What the task asks - Repeat all the lines below exactly, but omit the pictures.

Given material -
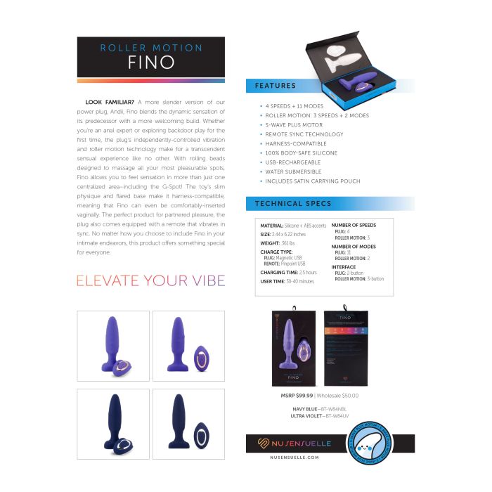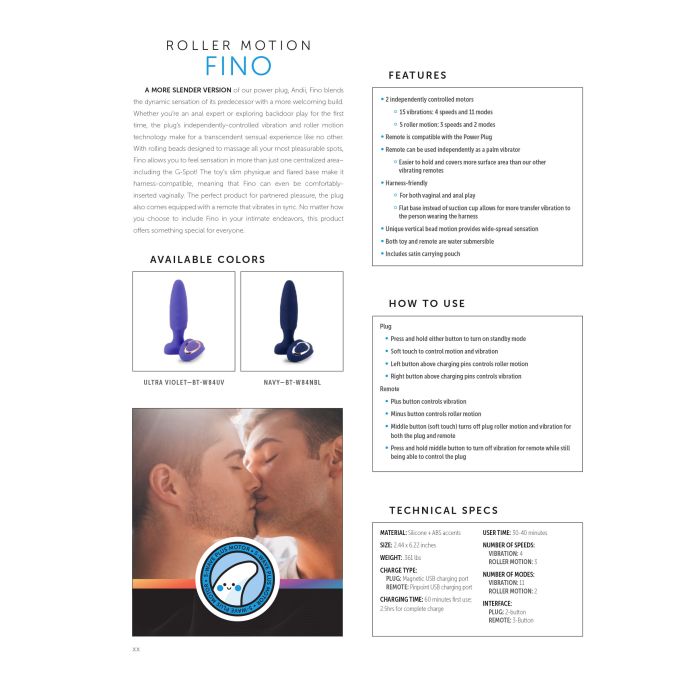 Het slanke lichaam en de uitlopende basis van het speeltje maken het geschikt voor harnasgebruik, wat betekent dat Fino zelfs comfortabel vaginaal kan worden ingebracht. Het perfecte product voor gedeeld plezier, de plug wordt ook geleverd met een afstandsbediening die synchroon vibreert. Ongeacht hoe je ervoor kiest om Fino op te nemen in je intieme activiteiten, biedt dit product iets speciaals voor iedereen.
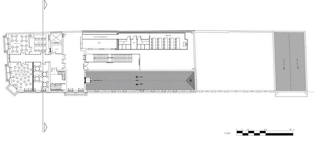 aparência original do exterior e preserva o caráter histórico do interior, incluindo suas características originais. Essa residência proposta teria a capacidade de abrigar até 20 estudantes e ofereceria uma variedade de comodidades, como uma sala de jogos, espaço de estudo, academia e cozinha compartilhada. Além disso, o anexo do edifício seria designado para fins administrativos. Dado ao amplo espaço disponível, também optamos pela criação de um restaurante, proporcionando um local aberto ao público.
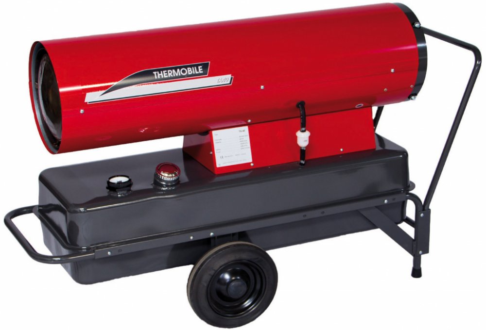 Topidla s přímým spalováním bez vývodu do komínu Thermobile řady TA jsou určeny pro spalování nafty, nebo extra lehkého topného oleje (ELTO). Automatický hořák, vysokotlaké čerpadlo, kontrola plamene, přípojka pro termostat, systém s 1 větví, teplota vyfukovaného vzduchu 450°C, nádrž pro 16 hodin nepřetržitého provozu. Dobu hoření a manipulaci lze zařadit do kategorie "velmi dobré". Volitelné vyh...

Result of this task -
 Het slanke lichaam en de uitlopende basis van het speeltje maken het geschikt voor harnasgebruik, wat betekent dat Fino zelfs comfortabel vaginaal kan worden ingebracht. Het perfecte product voor gedeeld plezier, de plug wordt ook geleverd met een afstandsbediening die synchroon vibreert. Ongeacht hoe je ervoor kiest om Fino op te nemen in je intieme activiteiten, biedt dit product iets speciaals voor iedereen.
 aparência original do exterior e preserva o caráter histórico do interior, incluindo suas características originais. Essa residência proposta teria a capacidade de abrigar até 20 estudantes e ofereceria uma variedade de comodidades, como uma sala de jogos, espaço de estudo, academia e cozinha compartilhada. Além disso, o anexo do edifício seria designado para fins administrativos. Dado ao amplo espaço disponível, também optamos pela criação de um restaurante, proporcionando um local aberto ao público.
 Topidla s přímým spalováním bez vývodu do komínu Thermobile řady TA jsou určeny pro spalování nafty, nebo extra lehkého topného oleje (ELTO). Automatický hořák, vysokotlaké čerpadlo, kontrola plamene, přípojka pro termostat, systém s 1 větví, teplota vyfukovaného vzduchu 450°C, nádrž pro 16 hodin nepřetržitého provozu. Dobu hoření a manipulaci lze zařadit do kategorie "velmi dobré". Volitelné vyh...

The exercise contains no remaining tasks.